Diyabet hastalarında ruhsal durumda yaşanan olumsuz değişiklikler stres hormonlarını artırarak kan şekeri düzeylerinde dengesizlik ve insülin etkisinde azalmaya neden olabiliyor. Bu durum tedaviye rağmen kan şekeri düzenlenmeyen hastalarda stres ve kaygının göz ardı edilmemesi gereken önemli etkenler olduğunu gösteriyor. Bazı araştırmalara göre diyabetin ortaya çıkmasının sağlayan faktörler arasında; Yas ve travma gibi ruhsal zorlanmaya neden olan yaşam olayları var.

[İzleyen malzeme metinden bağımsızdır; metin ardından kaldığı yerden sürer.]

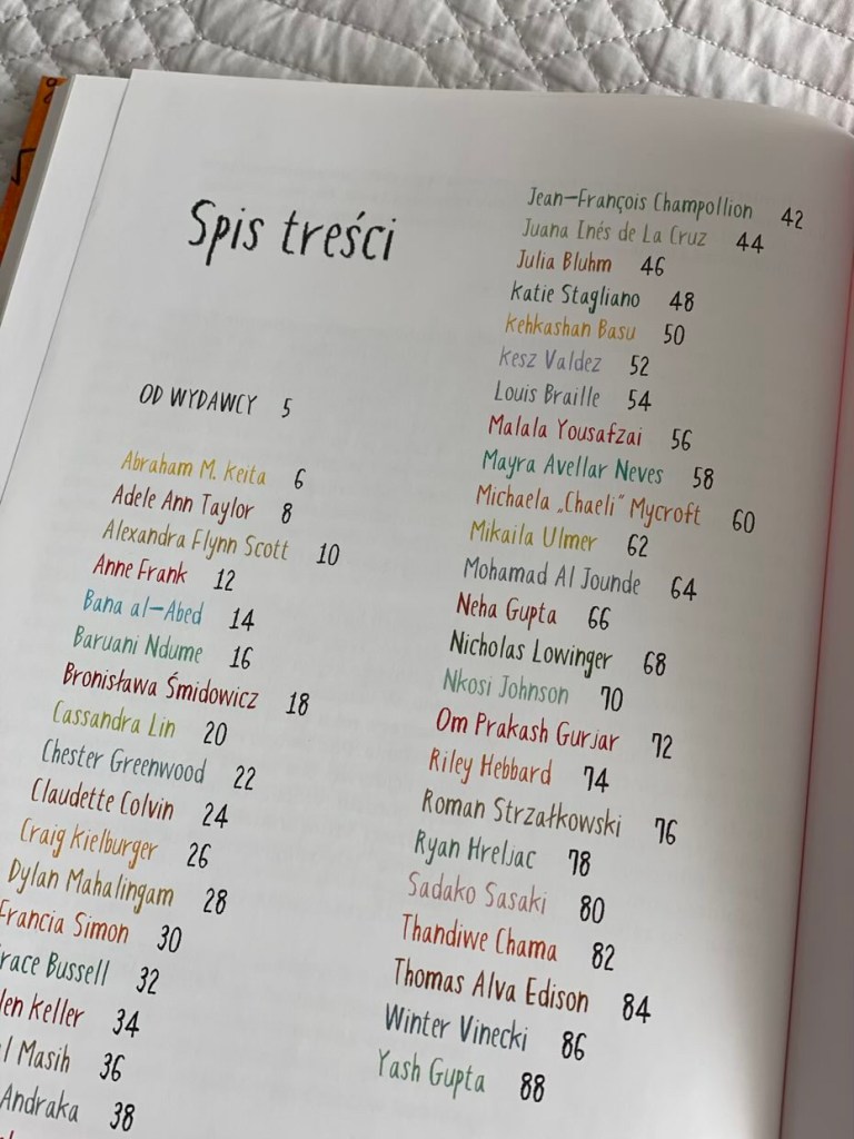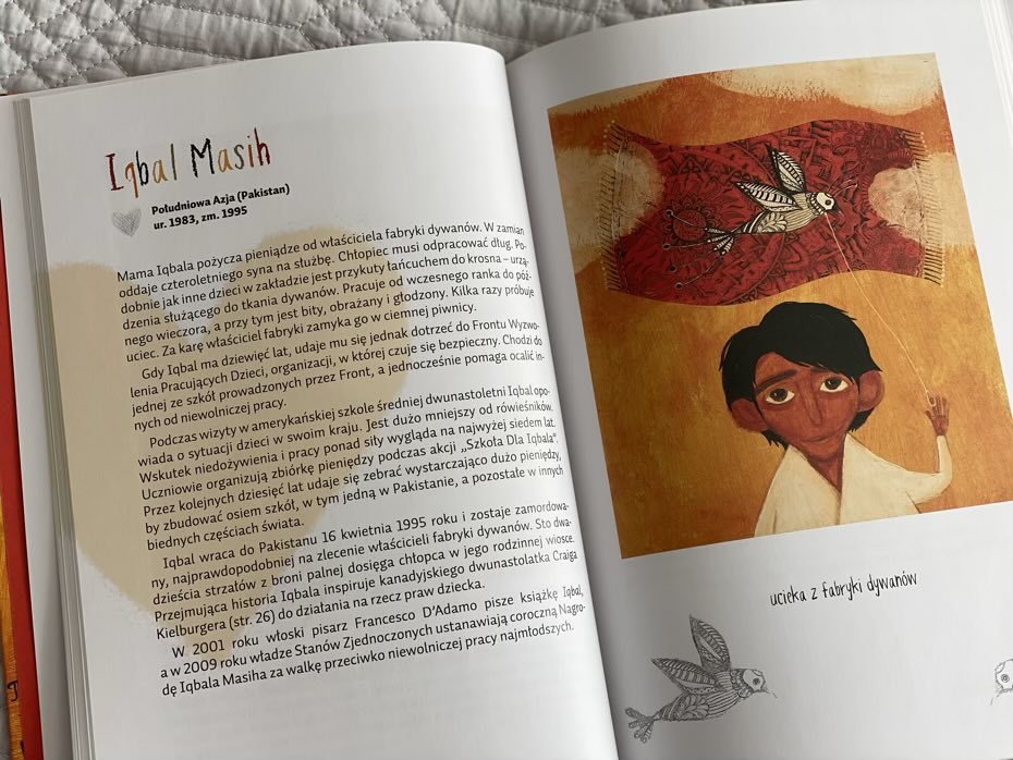Karolina Grabarczyk zestawiła ze sobą historie 42 dzieci pochodzących z różnych czasów i odmiennych części globu. Każda postać jest krótko i zwięźle opisana, ogranicza się do sedna przekazu i do najważniejszych rzeczy, jakich dokonała dana osoba. Natomiast każdy z bohaterów został przepięknie sportretowany przez Nikę Jaworowską.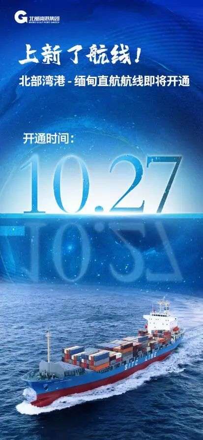 北部湾港至缅甸的直航航线将于10月27日与大家“见面”。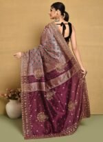 • This exquisite winecolored Kancheepuram silk saree is a perfect blend of tradition and artistry showcasing the finest handembroidered craftsmanship. The saree is made from pure Kancheepuram silk renowned for its lustrous sheen and durable quality. The rich wine hue adds a touch of elegance making it ideal for grand occasions like weddings festivals or special celebrations. The entire saree is adorned with intricate handembroidered patterns showcasing floral motifs and traditional Indian designs creating a luxurious and regal appearance. The craftsmanship on the saree speaks volumes about the skill and dedication of the artisans who have meticulously worked on it making each stitch a piece of art. The embroidery adds depth and texture to the fabric enhancing its overall beauty and making it a showstopper wherever it is worn.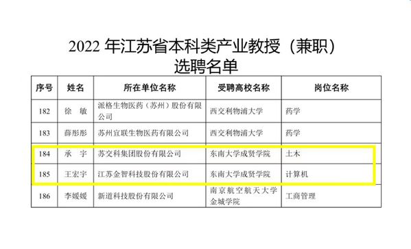 近日,江苏省教育厅、江苏省人才工作领导小组办公室、江苏省科学技术厅、江苏省人力资源和社会保障厅联合下发《关于公布2022年江苏省产业教授(兼职)选聘名单和续聘名单的通知》(苏教研函〔2022〕25号),KY开元集团官网入口推荐的苏交科集团股份有限公司承宇、江苏金智科技股份有限公司王宏宇两位企业专家成功获批江苏省2022年产业教授(兼职),实现了KY开元在该人才项目申报上新的突破。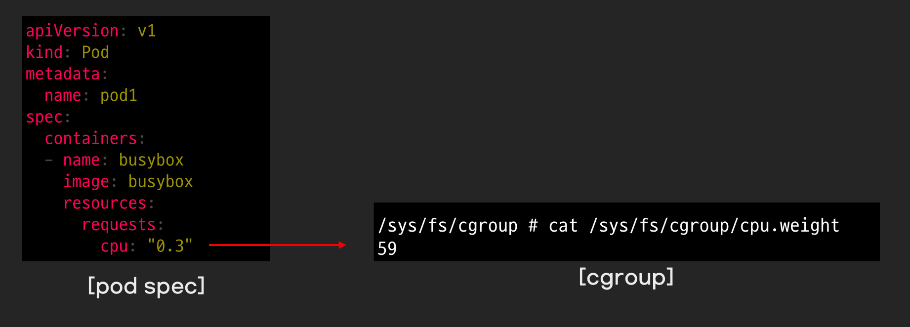 정답은 cpu 시간을 상대적으로 0.3만큼 사용하겠다는 의미입니다. 0.3코어가 아니라 상대적으로 0.3시간만큼 cpu를 쓰겠다는 의미입니다. 쿠버네티스는 request.cpu를 cgroup이 이해하는 값으로 변환하고 cgroup은 변환된 값을 읽어 프로세스에게 cpu 시간을 상대적으로 할당합니다. cgroup v1에서는 cpu share로 변환되고 cgroup v2에서는 cpu weight로 변환됩니다.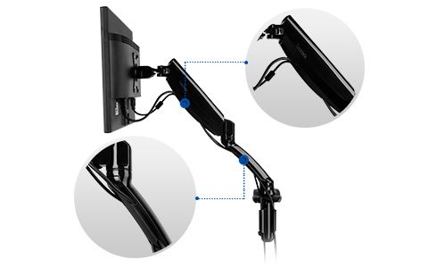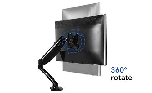 The flexible monitor mount arm rotates a complete 360 degrees, allowing you to convert your display orientation from landscape to portrait for web design and coding projects.
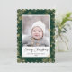 Envoyez des salutations de vacances personnalisables et personnalisées à vos amis, vos collègues et votre famille en cartes photos simples, minimalistes, élégants, amusants, festifs et modernes ! Un beau cadre de variété de flocons d'hiver dorés sur arrière - plan vert sauge entoure votre photo sur papier rond de coquille Saint-Jacques. Le message de bienvenue "Joyeux Noël" est écrit en calligraphie élégante, et ci-dessous présente votre message de bienvenue personnalisé de votre nom de famille dans la typographie moderne. Reverse pour révéler une belle les flocons de neige d'hiver d'or complet sur l'arrière - plan motif vert sauge.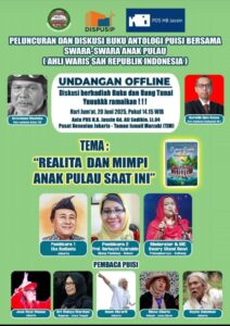 Diskusi secara online (layar zoom) peluncuran buku antologi puisi bersama “Swara-Swara Anak Pulau atau Ahli Waris Sah Republik Indonesia” akan dilaksanakan pada Kamis, 19 Juni 2025 pukul 19.15 WIB.

Toplumda hızla yaygınlaşan hastalıklar arasında yer alan diyabet, komplikasyonları ve diğer hastalıklara yatkınlığı artırması nedeniyle dünyanın en büyük sağlık sorunları arasında kabul ediliyor. Bu hastalarda görülen duygusal tepkiler ve uyum güçlükleri sosyal yaşamı olumsuz yönde etkileyebiliyor. Oysa hastalıkla konforlu şekilde yaşamak ve keyifle yapılan aktiviteleri sorunsuz sürdürmek mümkün. Memorial Şişli Hastanesi Psikiyatri Bölümü’nden Uzm. Dr. Cennet Yıldırım, diyabet hastalarına sağlıklı bir ruh hali için önemli önerilerde bulunuyor.
RUHSAL SORUNLAR DİYABETİ TETİKLEYEBİLİR
Diyabet, kişinin sadece fizyolojik yapısında değil, ruhsal denge ve uyumunda da bazı sorunlara yol açabiliyor. Özellikle hasta kişideki kaygı, stres, toplumsal ve sosyal desteğin yetersiz olması, diyabet üzerinde olumsuz sonuçlar doğurabiliyor. Aynı şekilde ağır strese maruziyet de diyabete yatkınlığı olan kişilerde hastalığın ortaya çıkmasına neden olabiliyor. Bazı araştırmalar diyabetin ortaya çıkmasının sağlayan faktörler arasında; yas, travma gibi ruhsal zorlanmaya neden olan yaşam olaylarının da yer aldığını gösteriyor.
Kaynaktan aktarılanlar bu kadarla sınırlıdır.